Crosby reached for a file. “Anything else, sir?”
“A copy of the Complete Works of William Shakespeare would be a help. There’s something in Hamlet I want to check.”
“Yes, sir,” said Crosby stolidly. “What about a warrant for John Allsworthy for murder?”
“Certainly not,” said Detective Inspector Sloan briskly. “He didn’t do it.”
The telephone line between Berebury Police Station and the office of the Consultant Pathologist to the Berebury District General Hospital crackled as the switchboard connected Dr. Dabbe.
“That you, Sloan? Good. I’ve got my report all ready for you.”
“Thank you, Doctor.” There must be a saving grace, decided Sloan, to every murder. Like a professional conjuror, a murderer had to perform as in one of those stage acts that involved keeping an ever-increasing number of oranges in the air at the same time. Sooner or later he must make a mistake.
He—the murderer, that is—had only had the one orange to begin with: a dead engineer. To that had been added another orange—poison—and then a third: an accused girl who had stayed obdurately silent. They had to be kept in the air while the conjuror picked up another orange from his stage table. All the anomalies of a nuclear demonstration joined the other oranges in the air—an unlocked gate, an unguarded key and a mysterious telephone call said to have come from Durmast’s.
And while the murderer’s prestidigitatory skill was still dazzling the audience, the Dlasian oranges had to be worked in—a dissident, disappearing Prince, the new town at Mgongwala and an absent company chairman and father.
It was a dead French girl—the last orange—that had proved too much for a performer hoping that the quickness of the hand would deceive the eye, and the whole act had tumbled to the
ground, coming to an ignominious end and scattering oranges everywhere …
“The murder of Hortense Fablon,” the doctor was saying, “was—er—quite straightforward.”
Detective Inspector Sloan pulled his notebook a little nearer. “No frills?”
“None,” said the doctor. “Beyond any doubt death was caused by manual strangulation.”
“The murderer wouldn’t have had time to plan anything too elaborate,” said Sloan. He knew that now.
“Quite so,” rejoined the pathologist. “However, in view of what you have suggested to me in connection with an earlier death, I am having various organs analysed for traces of hyoscine.”

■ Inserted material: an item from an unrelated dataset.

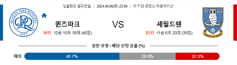 퀸즈파크 셰필드웬즈 축구분석

“You never know with defence counsel,” said Sloan.
“No more you do,” said Dabbe warmly.
“And it can’t do any harm,” Sloan rationalised the matter to himself.
“Even gold has to go through the assayer’s fire,” said the pathologist obliquely.
“True,” nodded Sloan.
“As you know, there is absolutely no clinical evidence to point to the presence of any noxious substance in the body of the deceased. Qualitative assay should confirm this.”
“I’m quite sure she wasn’t poisoned,” said Sloan, “but it’s as well to—er—leave no stone unturned.” He didn’t really want to know to which of the poor girl’s internal organs that cliché referred, and he quickly got back to a matter that he really did need to know. “Doctor, tell me something …”
“À votre service,” said the pathologist with macabre appositeness.
“There is, of course, nothing to suggest that Hortense Fablon had been poisoned, but equally there is no doubt at all that Kenneth Durmast was.”
“None,” said Dr. Dabbe promptly. “My colleague Dr. Bressingham demonstrated that Durmast died from an overdose of hyoscine.”
“What Inspector Porritt, my colleague, was not able to prove,” said Sloan neatly, “was how the murderer got the poison into the victim.”